Z Gastroenterol 2019; 57(05): e156
DOI: 10.1055/s-0039-1691918
POSTER
Hepatologie
Georg Thieme Verlag KG Stuttgart · New York

Performance and complications rate of liver biopsies performed by trainees in a newly established Hepatology Department

Authors

  • S Bota

    1   Department of Internal Medicine and Gastroenterology (IMuG), Hepatology, Endocrinology, Rheumatology and Nephrology and Emergency Medicine (ZAE) with Centralized Endoscopy Service, Klinikum Klagenfurt am Wörthersee, Klagenfurt, Austria
  • M Razpotnik

    1   Department of Internal Medicine and Gastroenterology (IMuG), Hepatology, Endocrinology, Rheumatology and Nephrology and Emergency Medicine (ZAE) with Centralized Endoscopy Service, Klinikum Klagenfurt am Wörthersee, Klagenfurt, Austria
  • F Hucke

    1   Department of Internal Medicine and Gastroenterology (IMuG), Hepatology, Endocrinology, Rheumatology and Nephrology and Emergency Medicine (ZAE) with Centralized Endoscopy Service, Klinikum Klagenfurt am Wörthersee, Klagenfurt, Austria
  • K Flatscher

    1   Department of Internal Medicine and Gastroenterology (IMuG), Hepatology, Endocrinology, Rheumatology and Nephrology and Emergency Medicine (ZAE) with Centralized Endoscopy Service, Klinikum Klagenfurt am Wörthersee, Klagenfurt, Austria
  • C Urak

    1   Department of Internal Medicine and Gastroenterology (IMuG), Hepatology, Endocrinology, Rheumatology and Nephrology and Emergency Medicine (ZAE) with Centralized Endoscopy Service, Klinikum Klagenfurt am Wörthersee, Klagenfurt, Austria
  • M Penz-Österreicher

    1   Department of Internal Medicine and Gastroenterology (IMuG), Hepatology, Endocrinology, Rheumatology and Nephrology and Emergency Medicine (ZAE) with Centralized Endoscopy Service, Klinikum Klagenfurt am Wörthersee, Klagenfurt, Austria
  • M Peck-Radosavljevic

    1   Department of Internal Medicine and Gastroenterology (IMuG), Hepatology, Endocrinology, Rheumatology and Nephrology and Emergency Medicine (ZAE) with Centralized Endoscopy Service, Klinikum Klagenfurt am Wörthersee, Klagenfurt, Austria
Further Information

Publication History

Publication Date:
16 May 2019 (online)

 

Aim:

to investigate the performance and complications rate of liver biopsies performed by trainees.

Methods:

Our retrospective study included liver biopsies (for diffuse liver disease and liver tumors) performed by trainees between 01/2016 – 02/2019 in our newly established Hepatology-Department in a University affiliated tertiary care teaching hospital.

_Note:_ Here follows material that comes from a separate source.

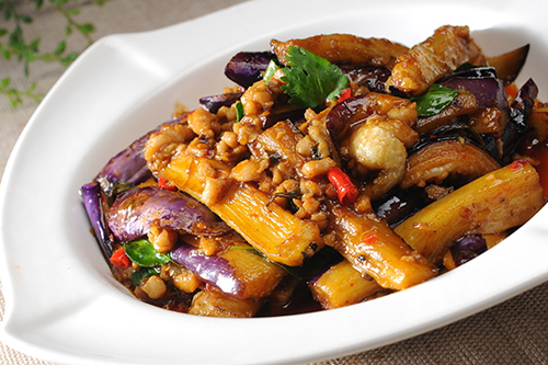 炒茄子時(shí),將切好的茄塊,茄片撒上鹽拌勻,攪15分鐘左右,擠去滲出的紅黑水,炒時(shí)不加湯,反復(fù)炒至全軟。然后,再按自己的口味放入各種調(diào)料,這樣的作法,既省油,又好吃。

Biopsies for liver tumors where performed with ultrasound guidance with a Tru-Cut 16G needle (TrueCore II, Argon Medical Devices), while the biopsies for diffuse liver disease where performed with a Menghini 16 G (Braun Hepafix 16G) or TruCut 16G needle.

Results:

142/180 (78.8%) of the liver biopsies performed during the study period where done by 8 trainees and included into the final analysis. The mean age of patients was 62.2 ± 14.2 years (61.2% male).

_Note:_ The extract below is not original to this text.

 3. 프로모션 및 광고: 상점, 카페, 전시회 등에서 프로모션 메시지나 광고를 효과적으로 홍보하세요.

Biopsies for diffuse liver disease where performed in 58 cases (40.8%), while in 84 cases (59.2%) ultrasound guided biopsies to diagnose liver tumors where done.

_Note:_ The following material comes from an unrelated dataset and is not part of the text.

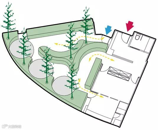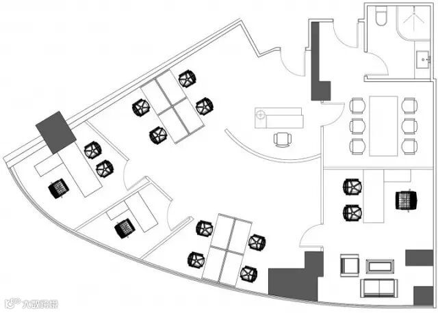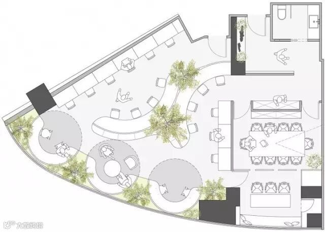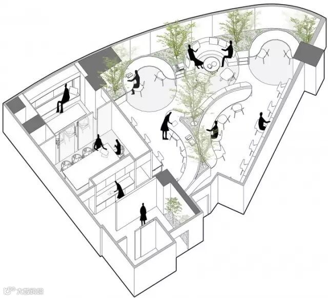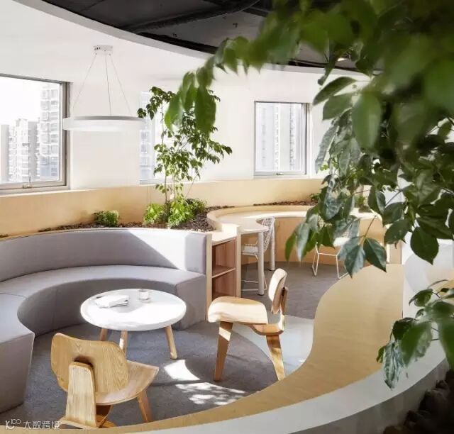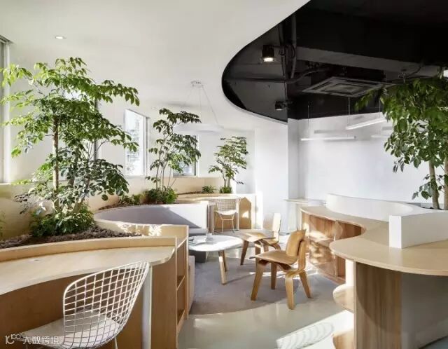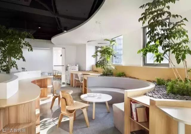 此项目是将高层商务楼内的一处办公空间进行改造。客户希望在钢筋混凝土中享受来自大自然的气息。设计师摒弃了传统的格子间办公风格,一改严肃的办公氛围,用曲线将天花、墙面、桌面、书架整合,并将森林搬进空间,使得新的内部空间开放且富于生机。...

Mild pain after biopsies where documented in 19 cases (13.3%), while severe bleeding requiring blood transfusions occurred in 2 cases (1.4%; one liver bleeding and one hemothorax).

Malignant etiology was present in 94% of patients with liver tumors. The main etiologies were: hepatocellular carcinoma (36.7%), cholangiocellular carcinoma (21.5%) and metastasis from pancreatic cancer (18.9%).

Histology was positive in 65/79 (82.2%) cases with malignant liver tumors. In 4 cases with a first negative biopsy, a second biopsy performed by another trainee was positive in 3/4 (75%) cases.

The main 3 indication for diffuse liver biopsy were: autoimmune liver diseases (40.6%), non-alcoholic steatohepatitis (25.4%) and drug induced liver injury (10.1%). Menghini 16G needle was used in 72.5% of cases for diffuse liver disease.

The mean length of liver biopsy specimen was 2.3 ± 0.8 cm, significantly longer for Menghini as compared with TruCut needle: 2.5 ± 0.8 cm vs. 1.7 ± 0.6 cm, p = 0.001.

Conclusion:

We observed a good performance of liver biopsies performed by trainees with a low complications rate.